That’s what they say to me: “Eat a burger!” And that’s when they’re being nice.
“Honey, I’m so concerned for you. You’re too skinny. You really need to take care of yourself.”
“Not trying to overstep but are you okay? You’re so thin and it’s not cute.”
Let me break it down:
NO! I am not ok.
Within the last 5 months I have found out my son has a lifelong brain injury, my husband had a sexting relationship with another woman, my husband also betrayed me with his inappropriate relationship with a nanny, my husband filed for divorce via the tabloids, the police questioned my fitness as a mother, I took a new job as a podcaster, and I moved into a new home in California so I can devote family time to all of my kids during Hart’s therapy. Let me reiterate: all of this has happened within the last 150 days.
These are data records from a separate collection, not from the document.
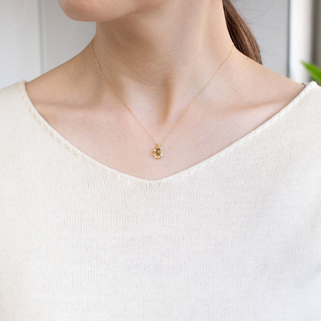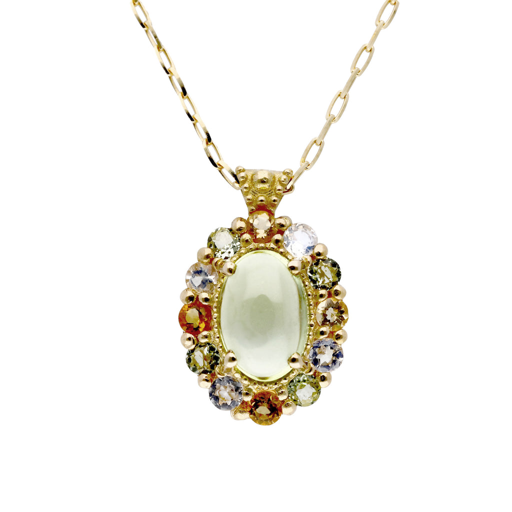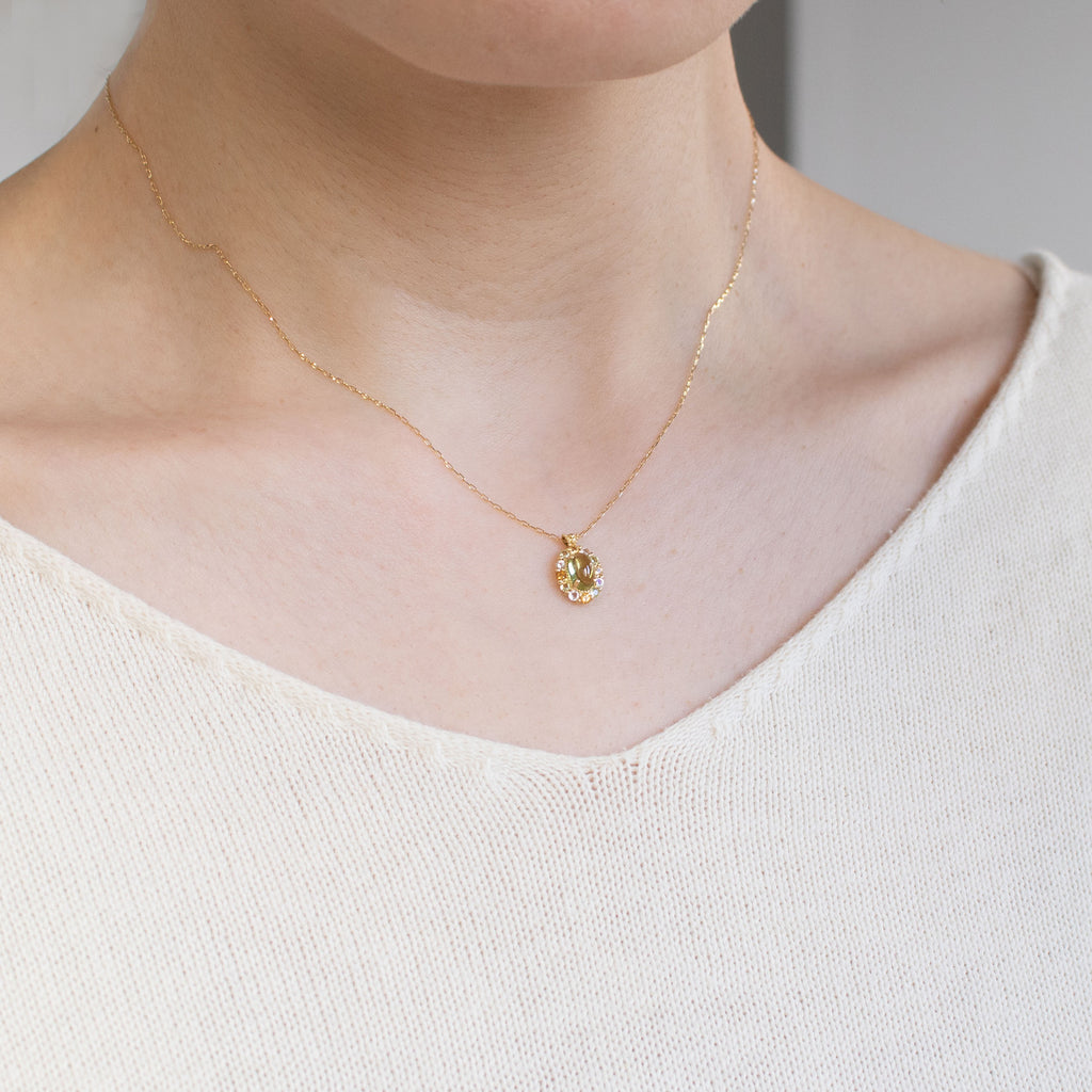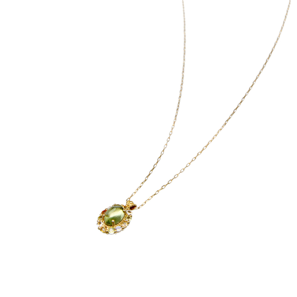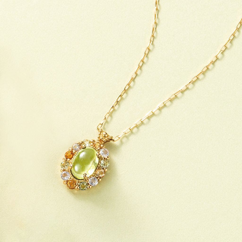 爽やかなオリーブグリーンが魅力的なペリドットをセンターに、その周りをカラーストーンで取り巻いた、カラーストーン好き必見のネックレスです。
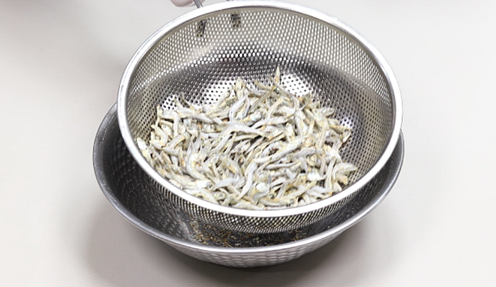 3. 볶은 멸치를 체에 받쳐 멸칫가루를 제거합니다.
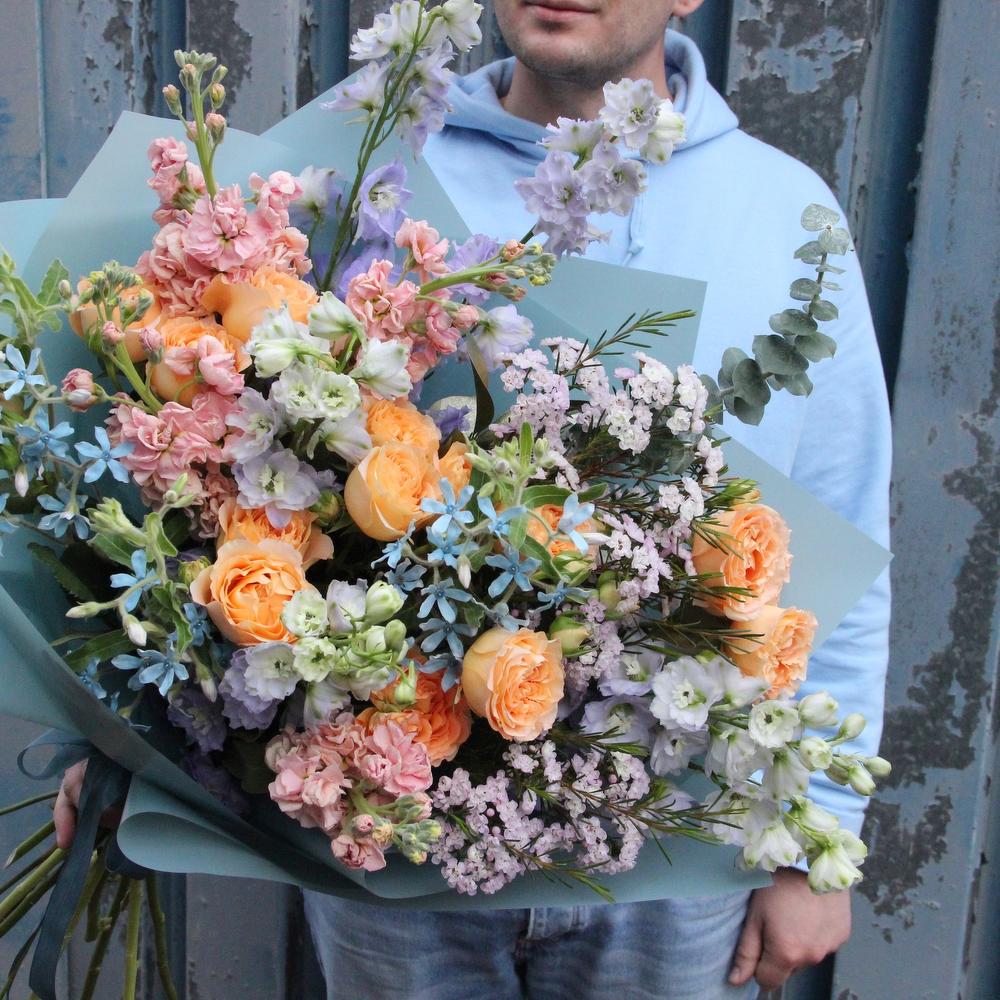 Роза пионовидная кустовая – 3 шт.Твидия – 4 шт.Ваксфлауэр – 3 шт.Маттиола – 4 шт.Эвкалипт – 5 шт.Упаковка дизайнерская – 2 шт.Лента атласная – 2 шт.Астранция – 2 шт.Дельфиниум – 3 шт.
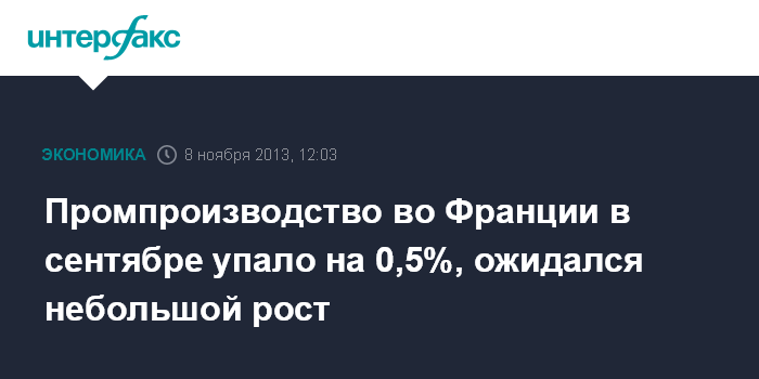 Производство в обрабатывающей промышленности Франции уменьшилось в сентябре на 0,7% относительно августа и упало на 1,3% по сравнению с сентябрем 2012 года. Эксперты прогнозировали повышение первого показателя на 0,4% и сокращение второго на 1,1%.
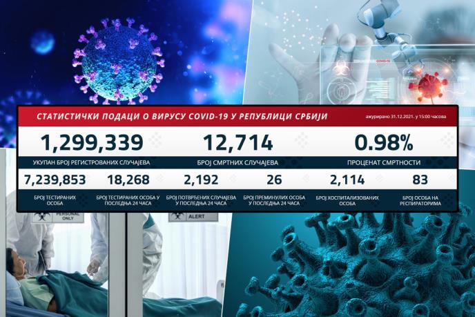 Preminulo je 26 pacijenata, a na respiratorima u bolnicama širom Srbije nalazi se 83 obolelih.

ONE HUNDRED AND FIFTY DAYS.
Despite all of this I am doing okay. No wait, I’m actually doing well. I’m living for my kids while trying to balance pushing for a career that I actually NEED for the first time since I got married.
Some days I want to scream (and I usually do), I get a lot of nerve-related pain that I am constantly trying to cure by releasing my emotional trauma (if you haven’t watched “Heal” then you need to, this is basically how I’ve started healing myself since my double cervical spinal herniations were diagnosed via MRI last April after reading a book by Jon Sarno), and my patience is tested by my kids who are adjusting to our new normal at their own pace and presenting as being extremely needy and whiney.
But y’all, I’M SKINNY.
I’ve always been thin.
For the record, I am naturally thin and I’ve always had a healthy relationship with food.
But right now, I am too skinny. I don’t like it. I won’t weigh myself because I’m scared to see what the scale says. When my clothes don’t fit I pretend like they do anyway. But I’m not hungry. I know I should eat but I’m surviving on adrenaline but decaying on stress (did I mention what has happened in the last 150 days? And let’s just really lay it on by being in the thick of the holidays). When I have a free minute I am either trying to work, responding to something that every person in the world deals with (like dusting windowsills or cleaning dishes or calling my mom back or going to Target), or thinking about how I need to eat but I’m not hungry. I’m not hungry.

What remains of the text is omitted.